**Work instruction**
Your copy begins at the line with "Laß dich nicht" and runs through the end of the data below. Set down only those lines exactly, without pictures.

**Data shown**
◆ ◆ ◆
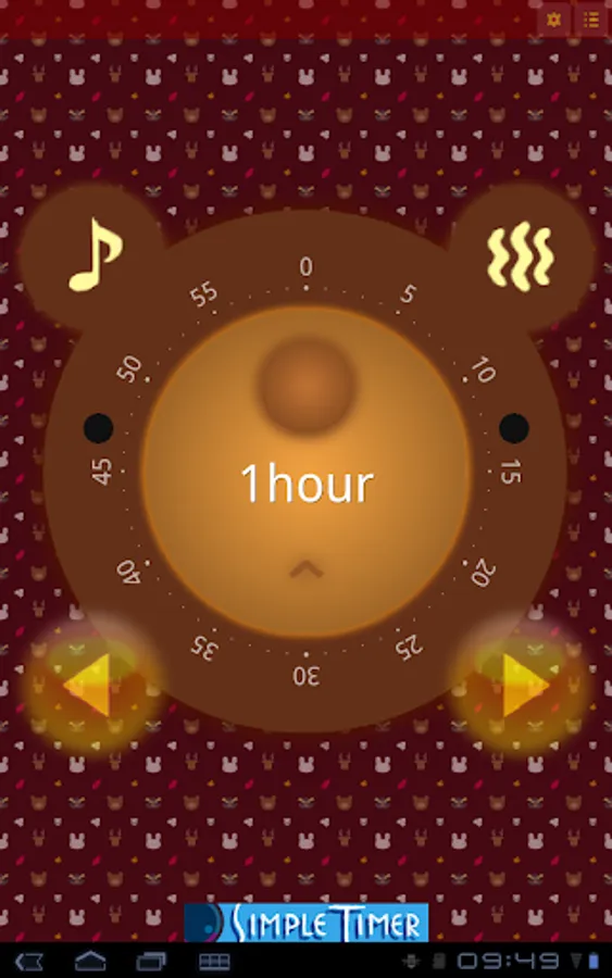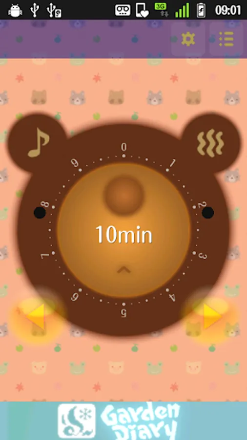 To turn on/off the melody performance and the vibration notification when the timer is completed, tap bear's ear.
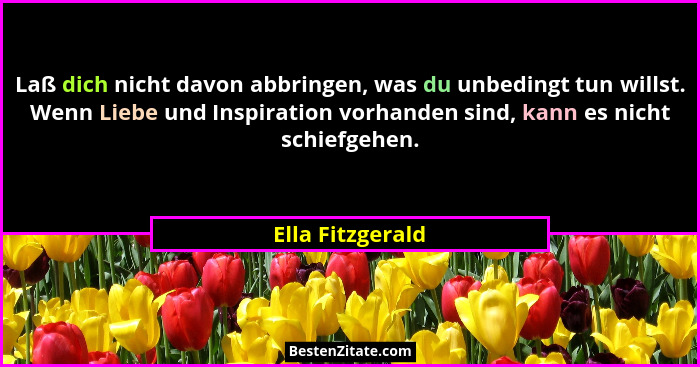 Laß dich nicht davon abbringen, was du unbedingt tun willst. Wenn Liebe und Inspiration vorhanden sind, kann es nicht schiefgehen.
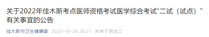 關(guān)于2022年佳木斯考點(diǎn)醫(yī)師資格考試醫(yī)學(xué)綜合考試“二試(試點(diǎn))”有關(guān)事宜的公告
◆ ◆ ◆
**Solution to the problem**
 Laß dich nicht davon abbringen, was du unbedingt tun willst. Wenn Liebe und Inspiration vorhanden sind, kann es nicht schiefgehen.
 關(guān)于2022年佳木斯考點(diǎn)醫(yī)師資格考試醫(yī)學(xué)綜合考試“二試(試點(diǎn))”有關(guān)事宜的公告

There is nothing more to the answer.